Even though she didn’t want it to, it stung that he’d play with her this way when they both knew good and well that, unless he thought he could find some perverse pleasure humiliating her, he’d never in a million years include her on his list of possible dates.
This was just too cruel. And she’d had enough of his goading for one night.
“How about you take your condition and put it where the sun don’t shine?”
Then, hating herself for letting him get to her, she turned on her heel and stomped away while his highly amused “Was it something I said?” trailed her across the room.
Chapter Two
“I don’t get it,” Alison said the night after the auction as they waited at the back of the room for their self-defense class to start. “What’s the problem with going to the anniversary ball with Jake Thorne? It’s not like you already have a date. And good grief, girl, the man is a hottie of the major-flame variety. No pun intended.”

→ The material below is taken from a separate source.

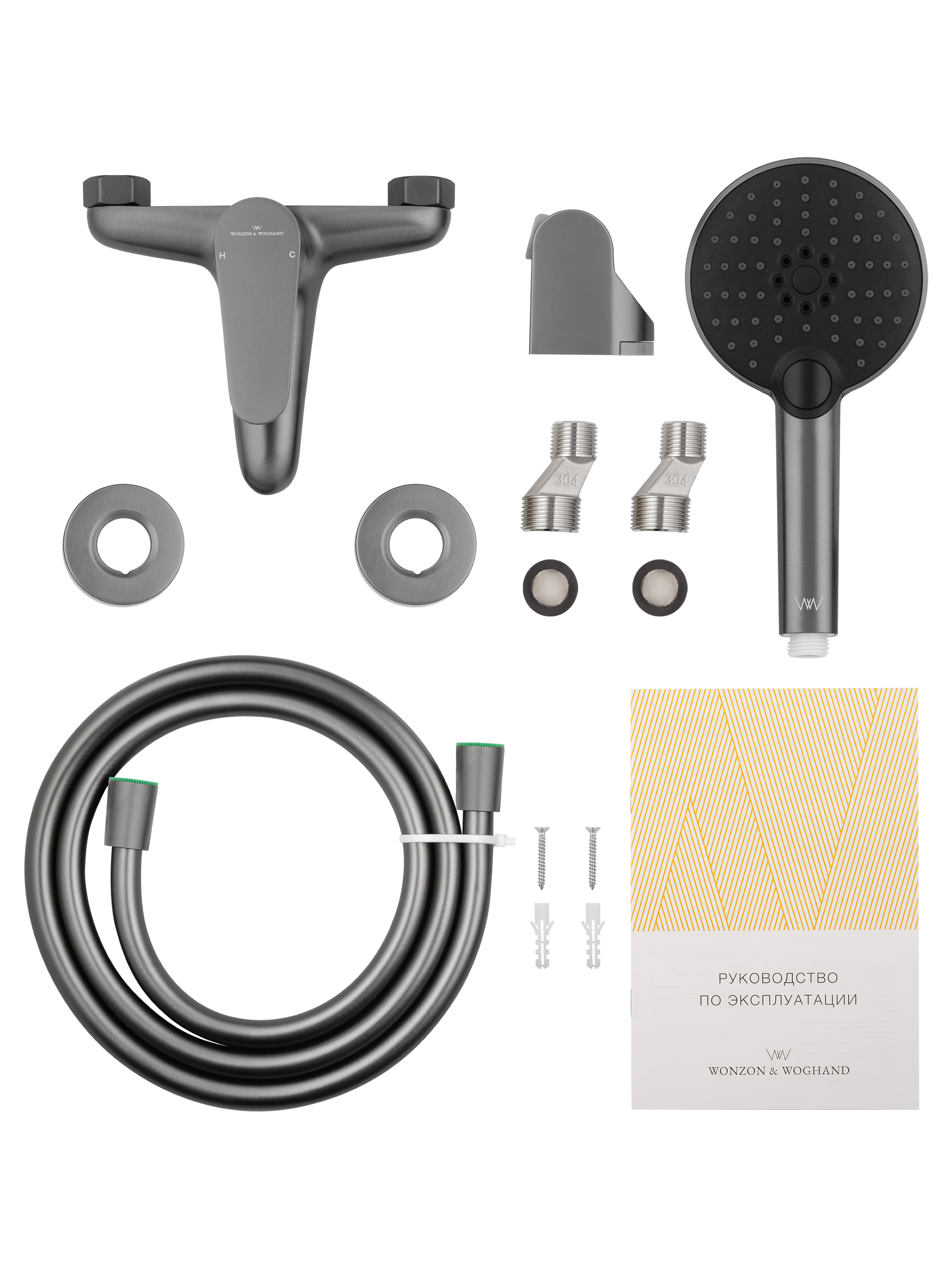 Смеситель для ванны с душем WONZON & WOGHAND ALFA, Темный графит (WW-AE3204-BGG)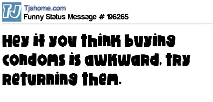 - # 188189 If you think buying condoms is awkward, try returning them.....

But it was a pun regardless since Jacob Thorne’s stock-in-trade was fighting oil-well fires. Or at least, it used to be his stock-in-trade to fight them until the accident. Everything had changed for him then. He still ran his own company, but from a desk now instead of on the actual site of the fires.
Christine sat down on the mat and fussed with the laces of her tennis shoes, shoving thoughts of the trauma he’d gone through from her mind.
“He’s a hottie all right. Of the inflammatory variety.”
“Well, he sure seems to have incited a riot in you.”
“We have a history,” Christine finally admitted in a weak moment as she pulled her straight shoulder-length hair into a ponytail and clipped it at her nape.